State, 305 S.W.3d 859, 863 (Tex. App.—Texarkana 2010, pet. ref’d)). “Our rigorous [legal
sufficiency] review focuses on the quality of the evidence presented.” Id. (citing Brooks, 323
S.W.3d at 917–18 (Cochran, J., concurring)). “We examine legal sufficiency under the direction
of the Brooks opinion, while giving deference to the responsibility of the jury ‘to fairly resolve
conflicts in testimony, to weigh the evidence, and to draw reasonable inferences from basic facts
to ultimate facts.’” Id. (quoting Hooper v. State, 214 S.W.3d 9, 13 (Tex. Crim. App. 2007)
1 In our cause number 06-24-00216-CR, Hammons appeals his conviction for family violence assault by occlusion. 2 (citing Jackson, 443 U.S. at 318–19; Clayton v. State, 235 S.W.3d 772, 778 (Tex. Crim. App.
2007))).
“Legal sufficiency of the evidence is measured by the elements of the offense as defined
by a hypothetically correct jury charge.” Id. at 298 (citing Malik v. State, 953 S.W.2d 234, 240
(Tex. Crim. App. 1997)). “The ‘hypothetically correct’ jury charge is ‘one that accurately sets
out the law, is authorized by the indictment, does not unnecessarily increase the State’s burden of
proof or unnecessarily restrict the State’s theories of liability, and adequately describes the
particular offense for which the defendant was tried.’” Id. (quoting Malik, 953 S.W.2d at 240).

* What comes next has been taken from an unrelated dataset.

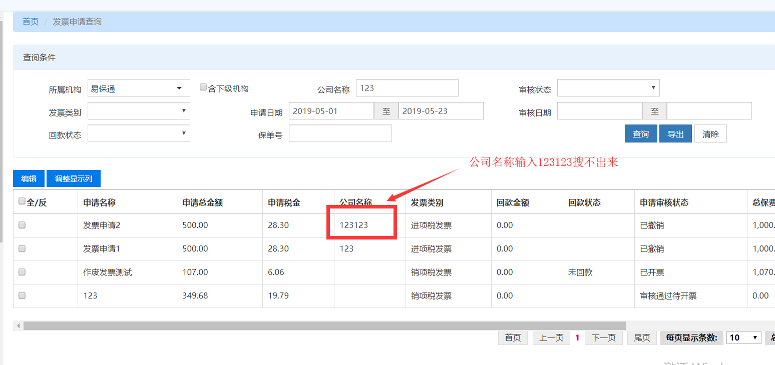 1. 见图中,公司名称输入123123,搜不出对应数据2. 公司名称输入123,搜出来的数据也不对

Here, the State alleged that Hammons, “pursuant to one scheme or continuing course of
conduct,” intentionally or knowingly damaged or destroyed “the door of a Trenton [Police
Department (TPD)] squad car and a car window, by hitting[,] striking, elbowing, and/or kicking
it, without the effective consent of Trenton Police or Kayla McBride, the owner[s] of the
property, and thereby caused . . . the aggregate amount of pecuniary loss” “of $2,500[.00] or
more but less than $30,000[.00] to the owner[s].”
II. The Evidence at Trial
At trial, McBride testified that she was at a gas station when Hammons hit her passenger
side window with “the side of his arm or his elbow,” shattering it. The State introduced photos
of the broken car window for the jury to see. A gas station employee called the TPD.
Officer Ken Franklin, with the TPD, arrived at the scene, arrested Hammons, and placed
him in his Chevrolet Tahoe patrol unit. Franklin testified that, as he was transporting Hammons,
Hammons began “kicking [the] car door with his feet.” Hammons’s conduct was captured by the
3 backseat camera in Franklin’s patrol unit, and the State played the footage for the jury. After
Hammons also kicked the patrol unit’s window, Franklin stopped the patrol unit to try to calm
Hammons down. Franklin photographed the “damage to [the] rear passenger door” of his patrol
unit showing that Hammons “bent the frame approximately one inch out.” As a result, the door
could not be properly shut because a gap existed. Franklin testified that he had inspected the
patrol unit at the beginning of his shift and noted no damage on the vehicle.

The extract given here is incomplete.